*TASK TO COMPLETE:*
Where an image appears in the data, omit it and reproduce the rest exactly.

*THE DATA:*
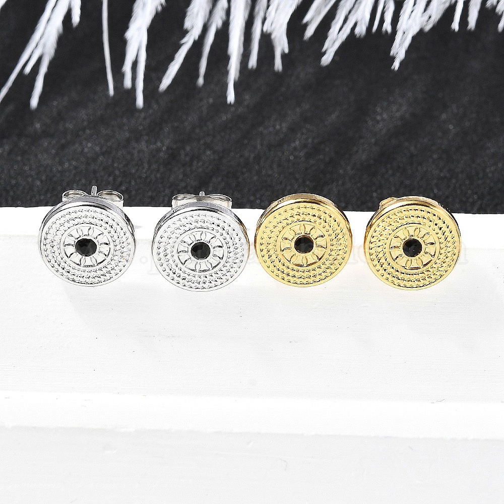 304 из нержавеющей стали серьги, со стразами, ионное покрытие (ip), плоско-круглые
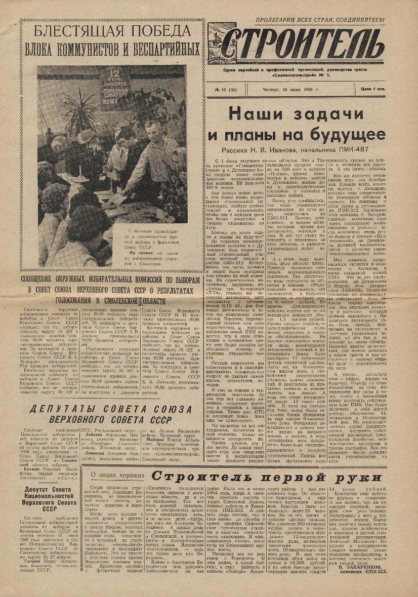 Строитель: Орган партийной и профсоюзной организаций, руководства треста "Смоленсксельстрой" № 1. — Смоленск: Тип. им. Смирнова, 1965-____. № 10.
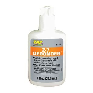 Zap Z-7 Debonder (29.5ml) Der Zap Z-7 Debonder ist ein Lösemittel für Sekundenkleber aller gängigen Hersteller. Er weicht den Sekundenkleber auf, so kann er dann
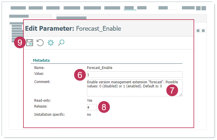 Systemparameter Forecast_Enable bearbeiten, Handlungsschritte 6-9
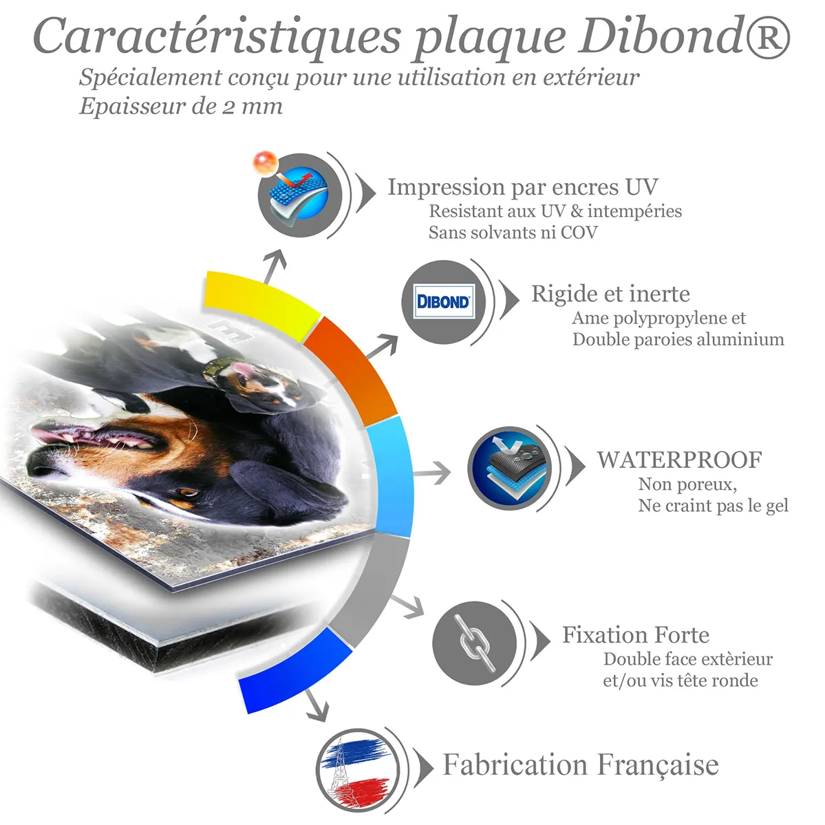 Installer une plaque Attention au chien illustrée par deux bouvier appenzell renforce la dissuasion auprès d’éventuels intrus. L’illustration détaillée, montrant à la fois un chien en gros plan et un en position debout, valorise l’aspect protecteur et accueillant de la race. Cette signalétique claire prévient vos visiteurs et livreurs tout en mettant en avant la personnalité unique de votre compagnon.

*RESULT OF THIS TASK:*
 304 из нержавеющей стали серьги, со стразами, ионное покрытие (ip), плоско-круглые
 Строитель: Орган партийной и профсоюзной организаций, руководства треста "Смоленсксельстрой" № 1. — Смоленск: Тип. им. Смирнова, 1965-____. № 10.
 Zap Z-7 Debonder (29.5ml) Der Zap Z-7 Debonder ist ein Lösemittel für Sekundenkleber aller gängigen Hersteller. Er weicht den Sekundenkleber auf, so kann er dann
 Systemparameter Forecast_Enable bearbeiten, Handlungsschritte 6-9
 Installer une plaque Attention au chien illustrée par deux bouvier appenzell renforce la dissuasion auprès d’éventuels intrus. L’illustration détaillée, montrant à la fois un chien en gros plan et un en position debout, valorise l’aspect protecteur et accueillant de la race. Cette signalétique claire prévient vos visiteurs et livreurs tout en mettant en avant la personnalité unique de votre compagnon.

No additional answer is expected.